Voice/Vision Holocaust Survivor Oral History Archive

Emerich Grinbaum - October 3, 2000 & January 8, 2001

Allied Bombings

D...d...did they bomb the camp?


They never, never...

Yeah but, they bombed surrounding. Matter of fact, I want to--I forgot to tell you a very strange experience. The new uh, the Christmas Eve, December 24, that was the huge bombing by Americans or British, I don't know, of Munich. We saw. Munich was burning. We had such a pleasure to, to watch this. Didn't bomb the--Munich was, that was not very decent from, from another Christian to--during, but they bombed. I remember that was the biggest bombing which we saw. It was close, it was ten, fifteen kilometers. We could see it burning, so. So from February uh, from February, we had very little food. Not much work. Some people even didn't go out to work.
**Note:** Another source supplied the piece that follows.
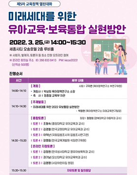 이번 제5차 교육정책 열린 대화에서는 ‘미래세대를 위한 유아교육·보육 통합 실현 방안’을 논의한다.
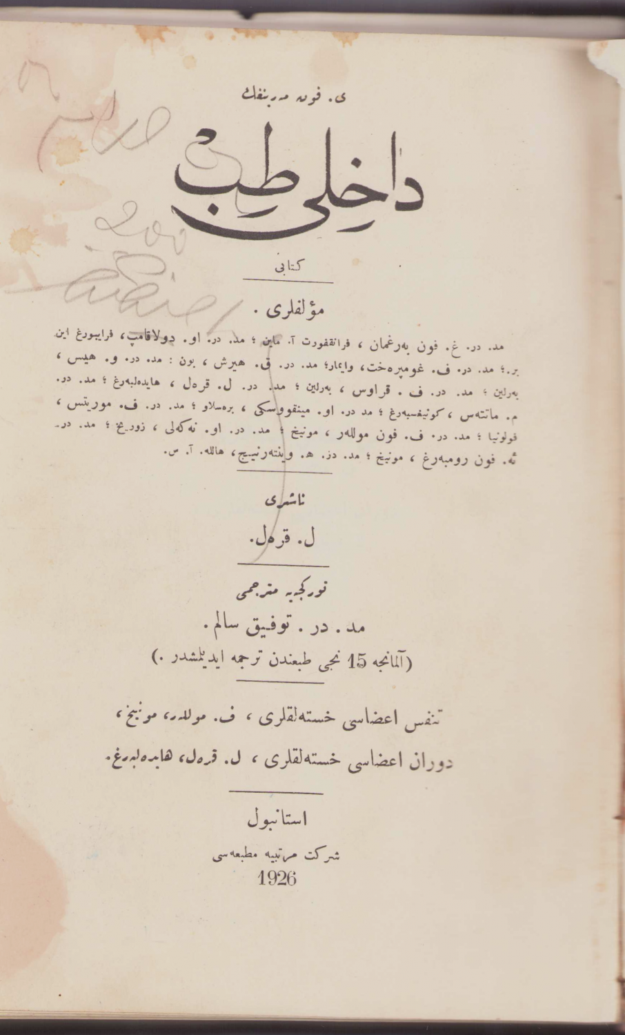 Dahili Tıp, Y. Fon Mering, çev., Doktor Tevfik Salim, Almanca 15. baskıdan çeviri yapılmıştır, Şirket-i Mürettibiye Matbaası, İstanbul, 1926, Osmanlıca, 3 cilt bir arada, resimli şekilli, sırt tarafı kopuk haliyle, deri cilt, 1154 sayfa, 14x24cm

My father survived somehow because he was-- didn't work. The--we were getting worse, worse, but a lot of people died. But we survived somehow. And matter of fact, until, until it was beginning--and, and then in March they started coming new and new people from other places, from Buchenwald from other places. You know, because the front came from both sides, from East Russians from the western and we were some, somehow on the middle. So the camp became bigger and bigger, I mean uh, concen...more, they put more people in the barracks. And middle of April, sometime, the 15th--20th of April, I don't know, the eintreten and they took several hundred, maybe more people to the train station. Now it starts whatever he says. So, I don't know. We had many thousand, instead of one thousand, they gathered a lot of people. Those who arrived they were half dead. Mostly dead who arrived from other camps. But we were still alive. So they put us on a train. And they took us somewhere.